Über die Texte kann man sich euch am besten erschließen, deshalb einige Fragen dazu. In „Working Class“ heißt es auffordernd „Steh mal auf und kämpf für was“. Was ist damit konkret gemeint, sich gewerkschaftlich organisieren, auf Demos gehen?

Okay, ich lass jetzt einfach direkt die Bombe platzen: Ich habe mir bei den meisten Texten im Vorfeld kaum Gedanken gemacht, in welche Richtung es gehen soll. Stattdessen habe ich munter drauflos geschrieben, meist über Sachen, die mich schon lange angekotzt haben. Dazu gehören unter anderem auch Leute, die sich für Mindestlohn ausbeuten lassen und sich dennoch für etwas Besseres halten. Der Text von „Nicht das Volk“ geht an die Adresse der PEGIDA-Demonstranten und lässt an Deutlichkeit nichts zu wünschen übrig. Nur hören die Angesprochenen wohl eher selten Punk.

Ist der Song eher prophylaktisch zu verstehen, also an jugendliche Mitläufer gerichtet, die meinen cool sein zu wollen?

Vor einer unserer ersten Proben musste ich dank zwanzig Marzahner Montags-Spaziergängern, die sich selbst „BärgIdA“ nannten, eine Stunde in der stehenden Tram verbringen, weil die Bullen dachten, dass der Bürgersteig nicht genug Platz für sooo viele Spaziergänger gleichzeitig bieten könnte. Während sich die „Wir sind das Volk“-Rufe draußen näherten, wurde sich das Marzahner Volk um mich herum immer einiger: „Der Steuerzahler übernimmt unfreiwillig die Rechnung ... Warum bekommen die eigentlich Polizeischutz ... Die sind ja noch nicht mal hier angekommen ... Die Container sind luxuriöser ausgestattet als unsere Steuerzahler-Wohnungen ... Man traut sich ja demnächst da schon tagsüber kaum vorbei ... Ich bin ja kein Nazi, aber ... Ist lange genug her ... Das wird ma ja noch sagen dürfen!“ Ich war also gefangen in einer Tram voller potenzieller Montagsdemonstranten, holte Zettel, Stift und eine Flasche Met aus meinem Rucksack und begann damit, die Inspiration durch die Ignoranz um mich herum zu nutzen. Da wohl woanders keiner etwas mit dem Begriff „BärgIdA“ hätte anfangen können, habe ich den Bezug zu Dresden eingebaut. Damals wie heute darf die Dresdner Montagsdemo übrigens als Metapher für AfD, besorgte Bürger, Obergrenzer und alle anderen rechten Arschlöcher verstanden werden.

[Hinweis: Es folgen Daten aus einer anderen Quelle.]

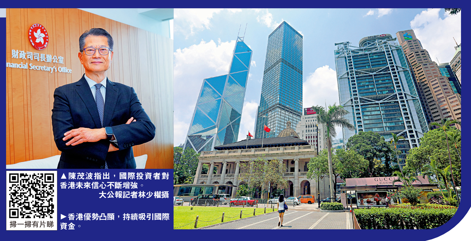 (大公報記者 邵淑芬、湯嘉平)近期香港股市暢旺,投資市場氣氛日益正面。財政司司長陳茂波接受《大公報》專訪時表示,國際投資者態度明顯轉向積極,股市交易量回升、外資機構擴大本地業務、家族辦公室數量增加等,均反映信心恢復。他引述部分基金經理指出,此前因擔憂地緣政治而低配香港及內地市場,現在則擔心「執輸」,正在急於補倉。他強調,在「一國兩制」框架下,香港的法治基礎、資金自由流動、港元與美元掛鈎的匯率穩定性,以及聯通內地和海外的獨特角色,仍是吸引外資的核心優勢。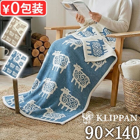 KLIPPAN クリッパン シュニールコットン ハーフブランケット ≪ブルー KP112802≫ ひざ掛け 90×140 北欧 洗える 軽量 高級 膝掛け おしゃれ 寝具 オーガニックコットン ギフト プレゼント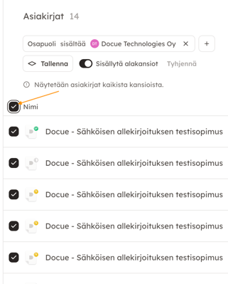 Suodata asiakirjat "Osapuoli" suodattimen avulla.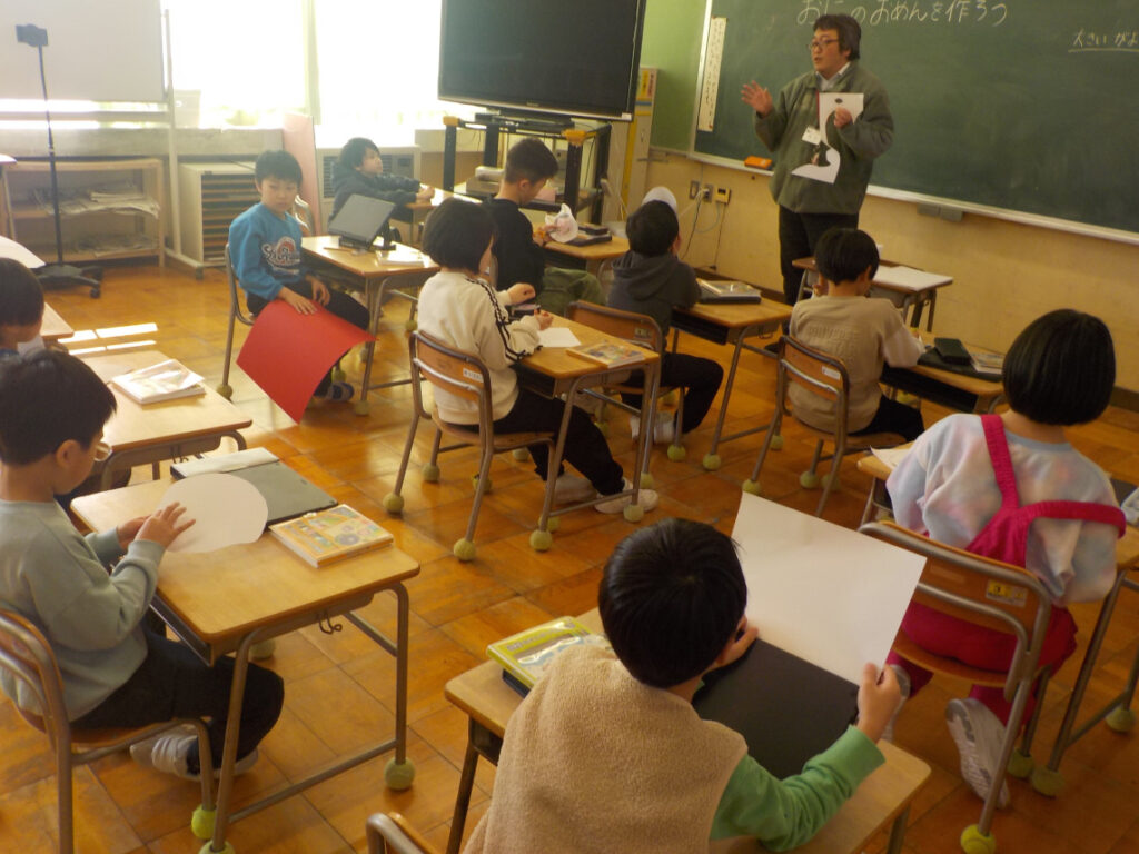 2月4日(水) 鬼のお面 1・2年生は図工で、鬼のお面を作りました。タブレット端末で鬼の画像を選び、それを参考にして画用紙に鬼を描きます。ハサミで切り取って目を開けて、頭につけるための輪を着けて …

Im Song „Links-rechts“ singst du an die Adresse von Soldaten: „Du glaubst, du bist der große Held / Doch du bist das Bauernopfer, das als Erstes fällt“. Meinst du, dass immer so weit gedacht wird?

Die Kernaussage von „Link-rechts“ ist, dass Soldaten, die sich zu Auslandseinsätzen verpflichten, damit rechnen müssen, dass sie dort töten und/oder sterben werden.

Ist das vergleichbar mit der These: Wer zur Polizei geht, darf Gewalt auch nicht völlig ablehnen.

Zumindest würde ich diese These als korrekt bezeichnen, wenn auch viel zu zahm formuliert.

In „Deshalb trinkst du heut“ plädierst du dafür Alkohol nur zu konsumieren, wenn man sich gerade euphorisch fühlt. Das scheint mir ein ziemlich neuer Ansatz im Punk-Bereich zu sein.

Meiner Meinung nach wirkt Alkohol hauptsächlich enthemmend. Bin ich schlecht drauf und betrinke mich, werde ich entweder aggressiv oder versinke in Selbstmitleid. Bin ich gut drauf, stehen die Chancen ziemlich gut, dass der Genuss einiger alkoholhaltiger Getränke für den Erhalt oder die Steigerung meiner guten Laune sorgt. Aber an sich ist der Text eher wertungsfrei gemeint und grundsätzlich kann meinetwegen jeder saufen, wann, wo, wie und warum er will.